But here is the problem. Or rather two of them.

The symbolism of the meta-narrative is so heavy-handed that you wish Nolan would play it more subtle. Yes. I got it. This is the French revolution. The gutters. The storming of the Bastille. The ground “collapsing” under the feet of civilization. And then of course the cartoonish mock guillotine court with Scarecrow as the judge, more reminiscent of a street-play than a superhero saga.

The second problem is more severe and it stems from Nolan not being consistent in the message. A French/Russian’Khmer revolution would never have as its ultimate goal, a nihilistic “Blow everything up” philosophy of the al Ghul school. I would have been happier (and allow me a bit of liberty here) if Nolan had showed that even a revolution that starts from the noblest of intentions degenerates into a bloodbath because of the very nature of retributive violence. I would have been even happier if Batman had shown some novel emotional conflict (great narratives are all about multi-layered conflicts), perhaps a realization that the existing order for which he has fought for so long may not be worth maintaining as it exists, that the super-villain is, in essence, the dysfunctional system itself.

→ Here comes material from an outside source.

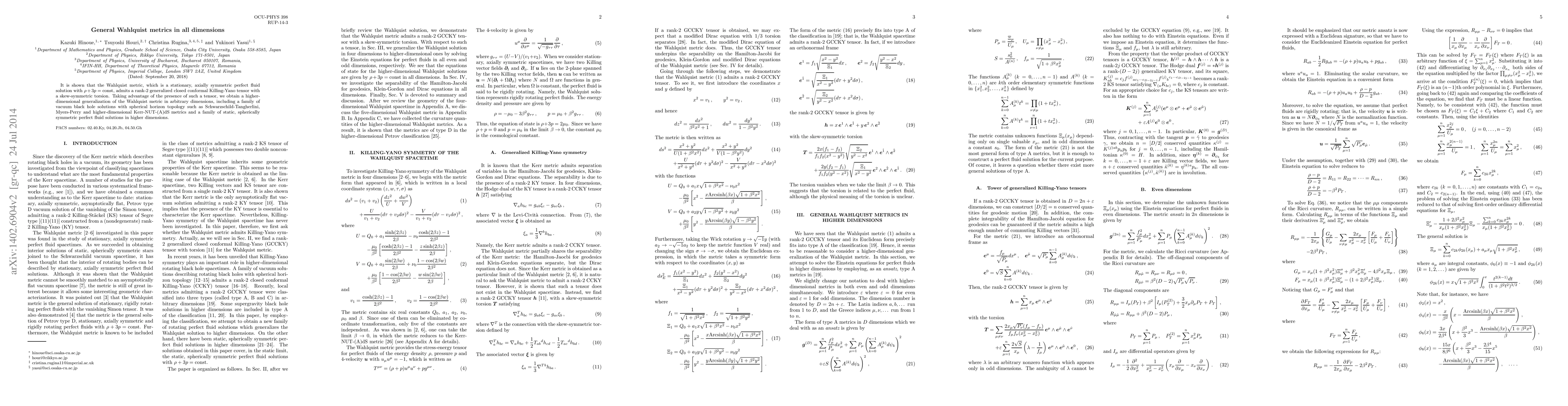 It is shown that the Wahlquist metric, which is a stationary, axially symmetric perfect fluid solution with $\rho+3p=\text{const.}$, admits a rank-2 generalized closed conformal Killing-Yano tensor with a skew-symmetric torsion. Taking advantage of the presence of such a tensor, we obtain a higher-dimensional generalization of the Wahlquist metric in arbitrary dimensions, including a family of vacuum black hole solutions with spherical horizon topology such as Schwarzschild-Tangherlini, Myers-Perry and higher-dimensional Kerr-NUT-(A)dS metrics and a family of static, spherically symmetric perfect fluid solutions in higher dimensions.

And that he, as Gotham’s savior, need not to destroy this enemy but do something even more difficult.

Redeem him.

Not run away with his lady love. Not die. But stay. And fight in a way he has never fought before.

That to me would have been a far more satisfactory resolution to the saga than the climax from Agent Vinod.

Maybe Nolan had just too many balls to juggle with in “The Dark Knight Rises”. There were the spectacular action set-pieces to coordinate and plan. There was Catwoman’s shapely derriere to capture. There was over-emotional Alfred’s teary-eyed Alok Nath act. There was cheerless Fox. There was the building up of Joseph Gordon Levitt’s character (Justice League?). There was Bane. There was Marion Cottilard. There was the famous Nolan twist, which unfortunately, seemed less Nolan and more Anees Bazmi. There was the “fantasy” last shot (or was it?) which worked so poignantly in “Inception” (The spinning totem— does it fall or not? Do we care if we are in a dream or in reality, as long as we are with the ones we love?) but here seems formulaic and maudlin.

If only Nolan had focussed his creative energies more on the dramatic conflicts of the Dark Knight Rises rather than all these other things. If only.

It might appear, and justifiably so, that I hated The Dark Knight Rises. I did not. It had many amazing moments and is many cuts above the average big-budget summer smash-em-up. My disappointment stems from what I believe could have been done at the very end, given the genius of Nolan and given the build-up.

It would be mean-spirited though to end on a sour note. Because Nolan’s Batman’s saga does not deserve it. Yes there may have been mis-steps. Yes there have been opportunities missed. Yes the ending could have been better.

But even then it cannot but be accepted that the trilogy, in totality, is a spectacular cinematic achievement, a nearly perfect melding of commercial with the artistic, definitely the most finely nuanced and original fantasy superhero series ever,setting the bar high, very high, for those that will follow it.

 

70 thoughts on “Thoughts On The Batman Saga (Has Spoilers)

  1. First? i am not going to read this post though 😛

  2. …for the obvious reason: haven’t watched the movie yet.

  3. I feel TDKR is as good as the Dark Knight. Only flaw I see is it was not shot in Chicago like the earlier 2 movies with its elevated trains and high rises , may be b’coz most of the action scenes in this movie are in daylight.

  4. J. Alfred Prufrock July 24, 2012 — 3:19 am

    Arnab, this is one of your best-written pieces so far. Raises the bar, works both as movie review and as a stand-alone rumination. Loved reading it. Kudos.

    J.A.P.

  5. Spot on!

    I know, this is just to be one of the early commentators.:)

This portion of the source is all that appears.